Sarah est enceinte. À peine rentré d’Allemagne, au moment où il cherchait comment mettre un terme à leur relation, il reçoit cette nouvelle comme une gifle. Bien que rien ne l’autorise à mettre en doute sa paternité, il lui en veut de ne pas s’être protégée. Elle l’aurait dû. Toutes les filles le font. Tout à coup confronté à une situation totalement inattendue, il ne sait à quel démon en appeler ni à quel stratagème recourir pour s’en décharger. Plus encore que devenir père, la perspective d’avoir à élever un enfant l’angoisse.

 

Biographie

Professeur de langues modernes, l’auteure profite de sa retraite pour s’adonner enfin à sa passion pour l’écriture. Une passion qui l’entraîne dans divers domaines. Après deux romans : JEANNE et LE BOI TEUX DE GRATTEBOURG, Rolande, passionnée de théâtre, a écrit un vaudeville : PROMOTION JOLIVET, interprété en 2017, dans le cadre de « Théâtre en Scène » à Mont-sur Marchienne.
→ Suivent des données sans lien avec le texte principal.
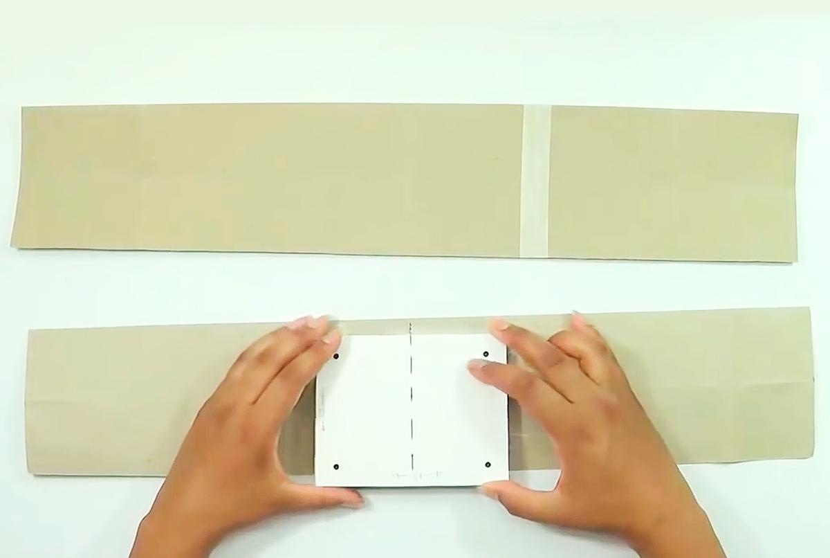 Cortar 2 piezas de cartulina o papel kraft de 57,5 x 10 cm.

Elle compte d’ailleurs en proposer une version plus longue et enrichie de conseils de mise en scène. Ce troisième roman : L’ENVERS DU MIROIR / Amour, Mirage ? lui a permis de mettre à nu les comportements de deux êtres conditionnés par leur appartenance à des milieux totalement différents, milieux qu’elle se plaît à analyser.